Zunächst mal kommte es darauf an, wie viel Urlaubsanspruch bis zum Ablauf der Kündigungsfrist entstanden ist. Davon zieht man dann den bereits genommenen Urlaub ab (ggf. unter Berücksichtigung von Urlaub aus Vorjahren), um auf den verbleibenden Urlaubsanspruch zu kommen:
1. Bisher entstandener Urlaubsanspruch: Zuerst braucht man den bis zum Ablauf der Kündigungsfrist entstanden Urlaub. Das hängt von den vertraglichen Vereinbarungen, Tarifvertrag und dem Bundesurlaubsgesetz ab.
- Der Mindest-Urlaubsanspruches wird im Bundesurlaubsgesetz (BUrlG) geregelt. Bei einer Fünftagewoche müssen es mindestens 20 Arbeitstage Urlaub sein. Entsprechend weniger, wenn man nur Teilzeit arbeitet.
- Das ist aber das absolute Minimum. In vielen Tarif- oder Arbeitsverträgen gewähren Arbeitgeber deutlich mehr (z.B. 30 Tage) Urlaub.
- Außerdem darf der Urlaub nach Gesetz eigentlich erst nach 6 Monaten im Unternehmen eingelöst werden.
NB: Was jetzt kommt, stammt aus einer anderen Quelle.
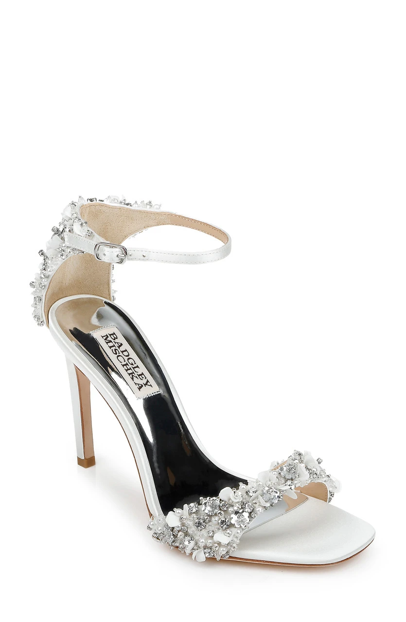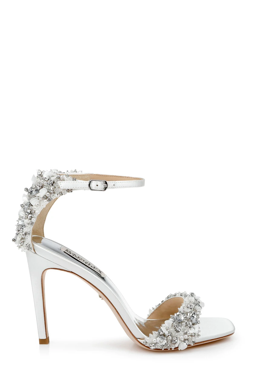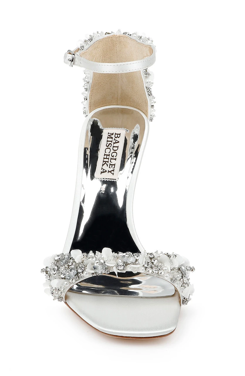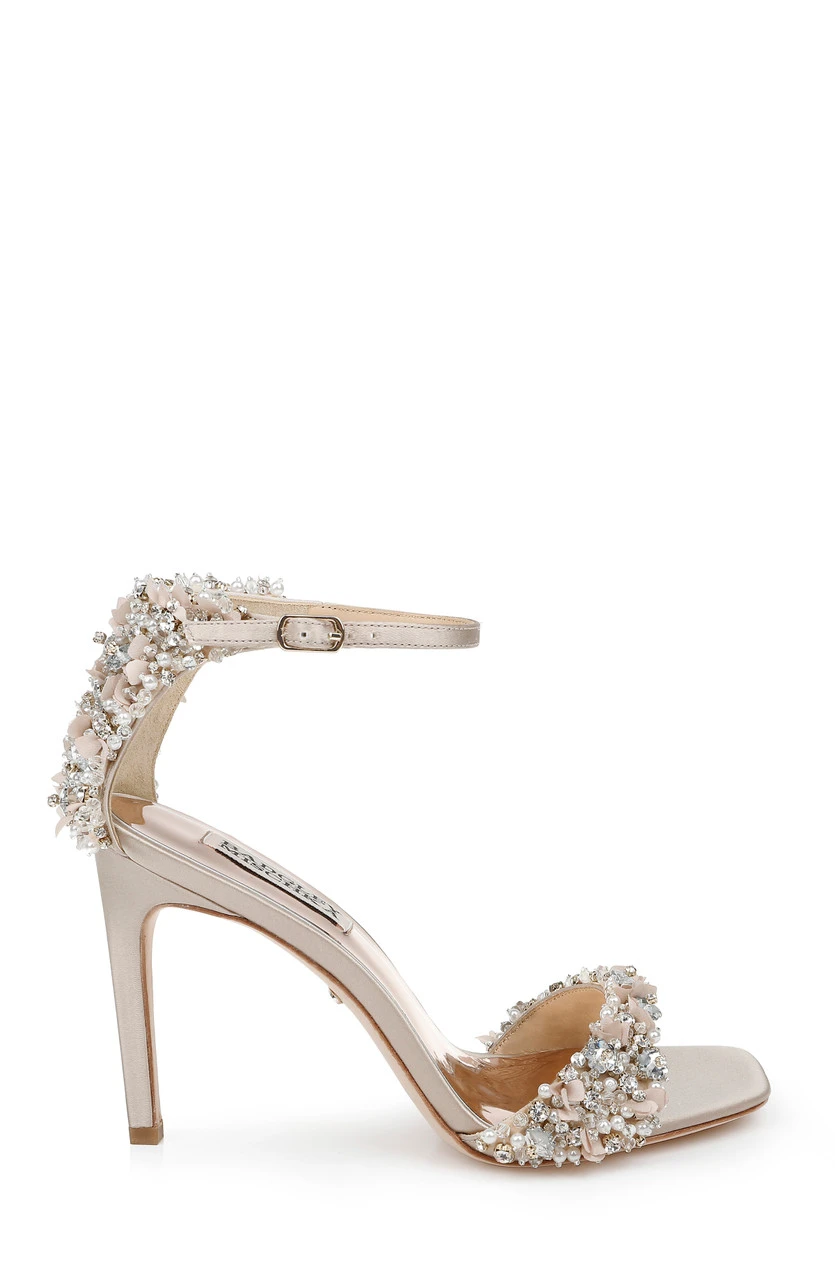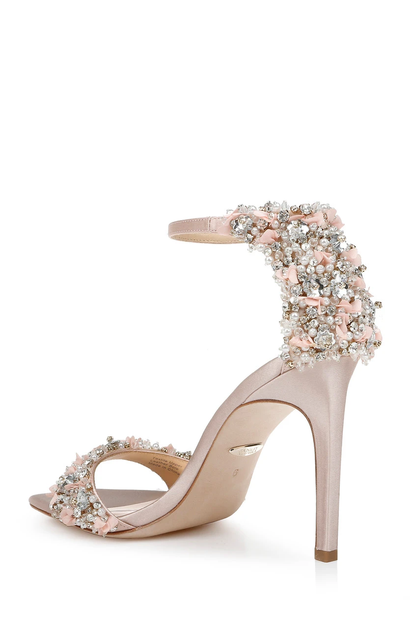 Glittering gemstones at the vamp and heel ensure all eyes are on you, from every direction. Silk satin and crystals add multi-textured appeal to this chic party-girl look. For a similar style with a kitten heel, see Telissa.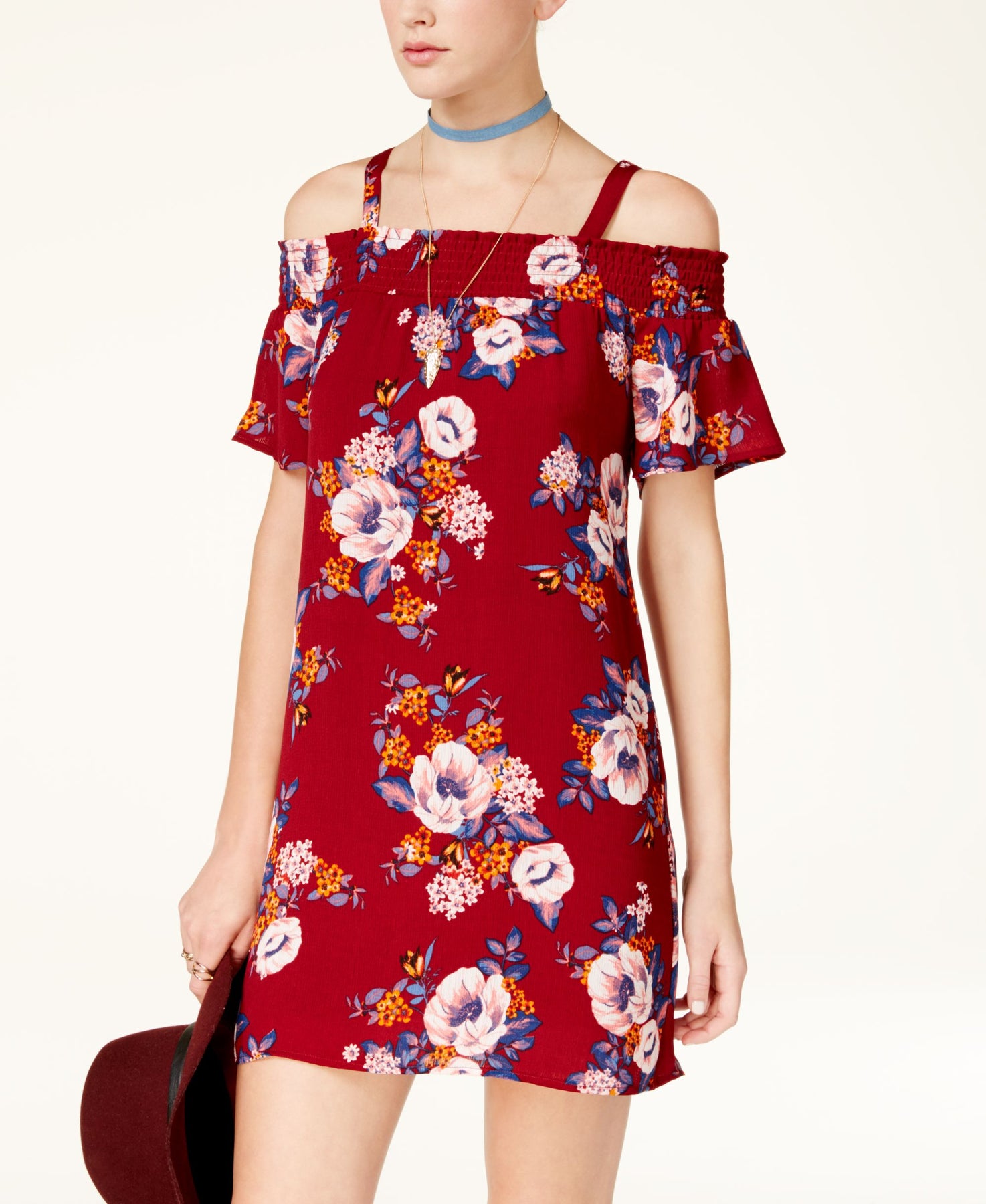 As U Wish Juniors Printed Cold Shoulder Shift Dress

Wenn es während der „Probezeit“ Streitigkeiten zwischen Arbeitgeber und Arbeitnehmer gibt oder eine Kündigung ausgesprochen wird, kann das wichtig werden.
2. Bereits genommener Urlaub: Vom Urlaubsanspruch zieht man dann den bereits genommenen Urlaub ab, um auf den verbleibenden Urlaubsanspruch zu kommen:
3. Berücksichtigung von Urlaub aus Vorjahren: Unter Umständen ist bei Kündigung (genauer: Ablauf der Kündigungsfrist) auch noch Urlaub aus dem Vorjahr “offen”. Das sollte zwar angesichts der in Deutschland geltenden gesetzlichen Bestimmungen eigentlich eine Ausnahme sein. Denn laut Bundesurlaubsgesetz verfällt der Jahresurlaub zum 31. Dezember (unter engen Voraussetzungen ist eine Übertragung ins Folgejahr möglich, aber auch hier nur bis zum 31. März des Folgejahres).
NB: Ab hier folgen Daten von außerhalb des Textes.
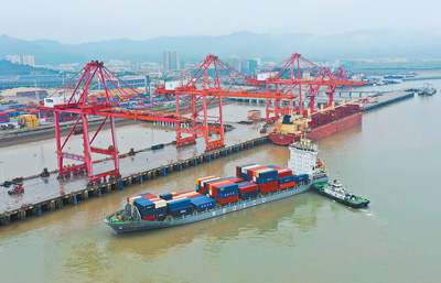 6月6日,浙江台州大麦屿港首次开通出口《区域全面经济伙伴关系协定》(RCEP)国家直航航线,这也是台州市首条外贸集装箱班轮航线。图为装有缝纫机、健身器材等产品的80个集装箱搭乘货轮驶往越南。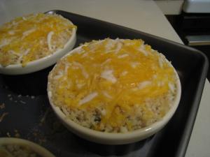 Divide mixture among four 10-oz ramekins or custard cups. In a small bowl, combine panko and melted butter; sprinkle over scallop mixture. Bake uncovered at 350 degrees for 15-20 minutes or until bubbly. Sprinkle with cheese, bake 5 minutes longer or until cheese is melted.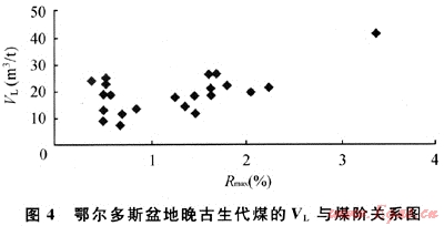 煤階是影響煤對甲烷吸附能力最為重要的因素。Kaiser等[18]認(rèn)為,在煤化作用階段早期,煤中發(fā)育的孔隙主要為原生大孔隙且含有大量的羥基和羧基官能團,此時煤親水而疏甲烷,造成平衡水分含量非常高,但吸附能力較低,隨煤階增高,原生大孔隙急劇減少,熱變氣孔逐漸增多,羥基和羧基官能團大量脫落,使得煤的親甲烷能力顯著增加,同時熱變氣孔的大量形成,為甲烷吸附提供了空間[18~19],所以高煤級煤對甲烷的吸附能力一般強于低煤級煤。盆地晚古生代煤的VL隨熱成熟度提高呈“U”型趨勢變化(見圖4),當(dāng)0.40%<Rmax<0.80%時,隨煤階增大,煤對甲烷的吸附能力迅速下降,以Rmax=0.8%為臨界點,在0.8%<Rmax<4.0%時,最大吸附氣量隨煤階增大而增加。由于盆地中深部目前沒有實測的VL數(shù)據(jù),參考盆地邊淺部煤的U在0.8%<Rmax<4.0%區(qū)間內(nèi)隨煤階的變化規(guī)律,筆者根據(jù)中深部煤的熱成熟度分布特點對煤的最大吸附能力進(jìn)行了推測,并結(jié)合現(xiàn)存煤炭資源量推算出全盆地中深部晚古生代煤對甲烷的理論吸附氣量為51.92×1012m3。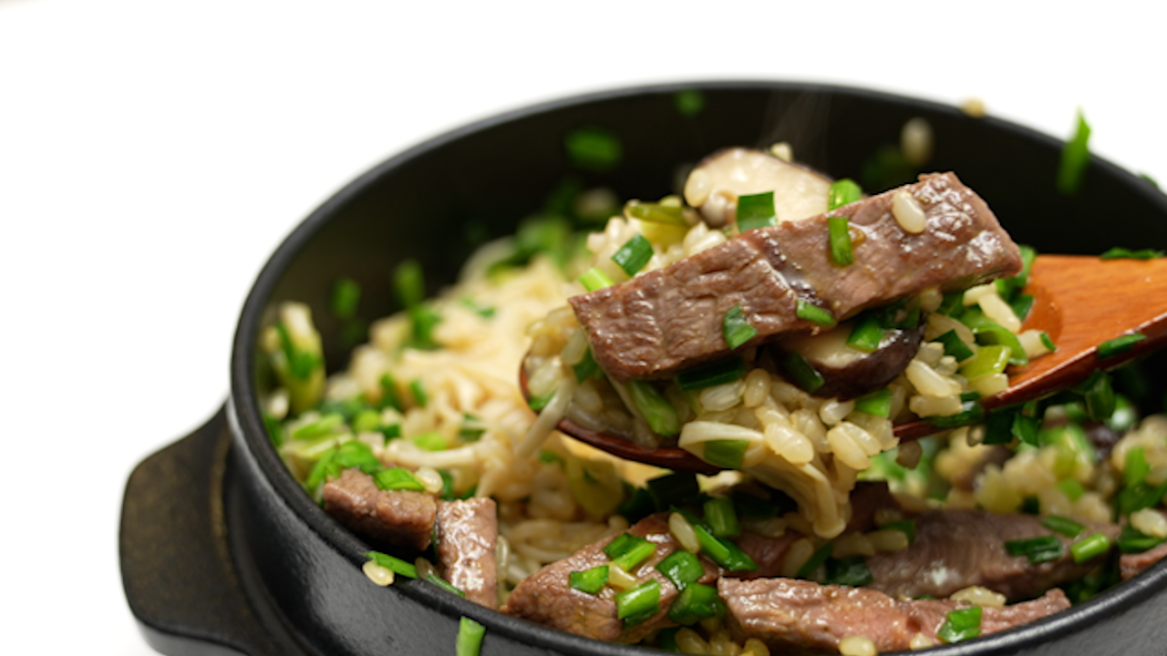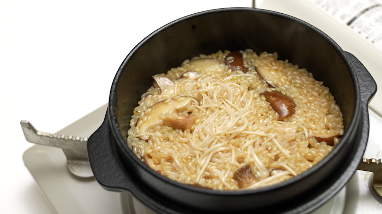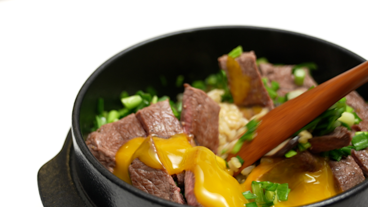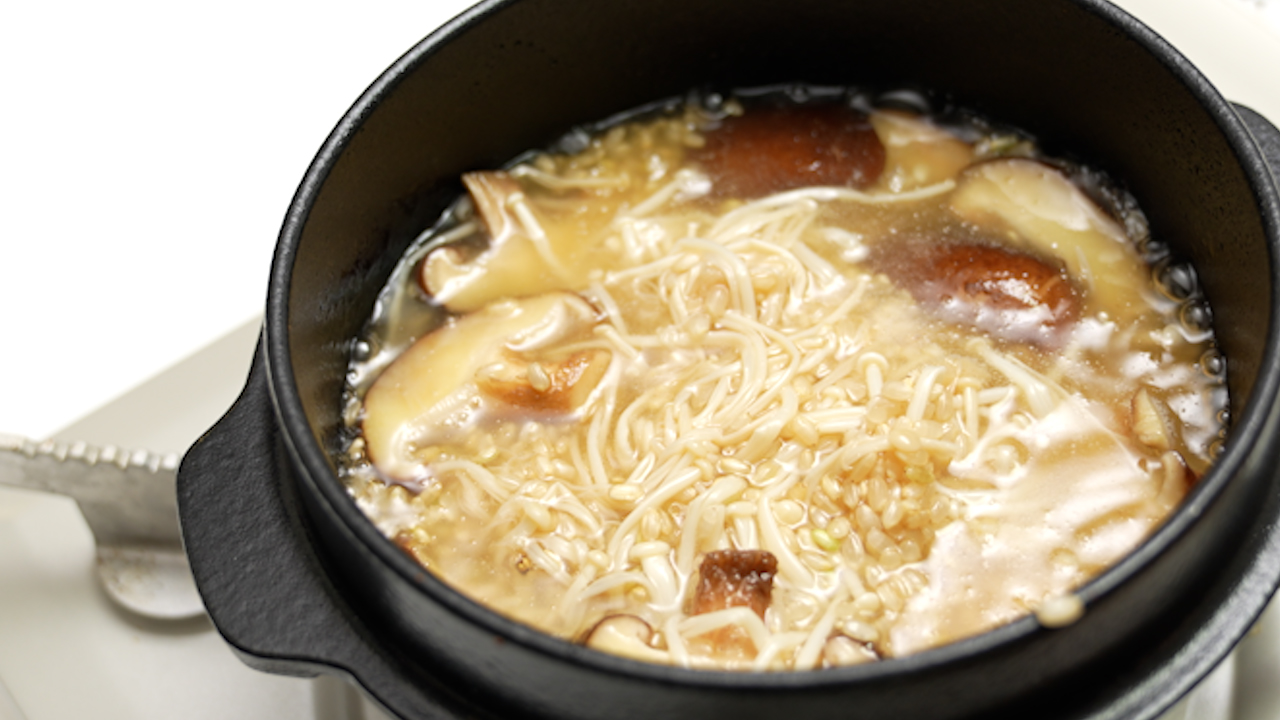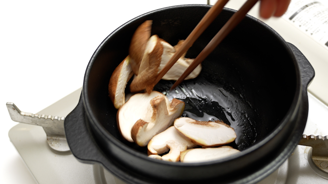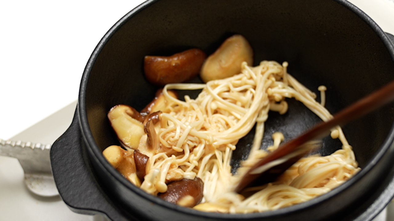 계란 노른자를 올리면 맛있는 부채살 버섯 솥밥 완성!

Aber: Das ist nur die halbe Wahrheit. Denn in vielen Fällen wird zwischen Arbeitnehmer und Arbeitgeber vereinbart, dass auch über den 31. März hinaus Urlaub fortgeschrieben werden kann. Einfach, damit ein Arbeitnehmer nicht in wichtigen und arbeitsintensiven Phasen zwingend in Urlaub gehen muss. Hinsichtlich der Berücksichtigung von Urlaub aus Vorjahren kommt es also auf die getroffenen Vereinbarungen an. Im Zweifel nochmal die Emails zum Jahreswechsel aus dem Personalbereich (oder mit Ihrem Vorgesetzten) raussuchen und “sichern”.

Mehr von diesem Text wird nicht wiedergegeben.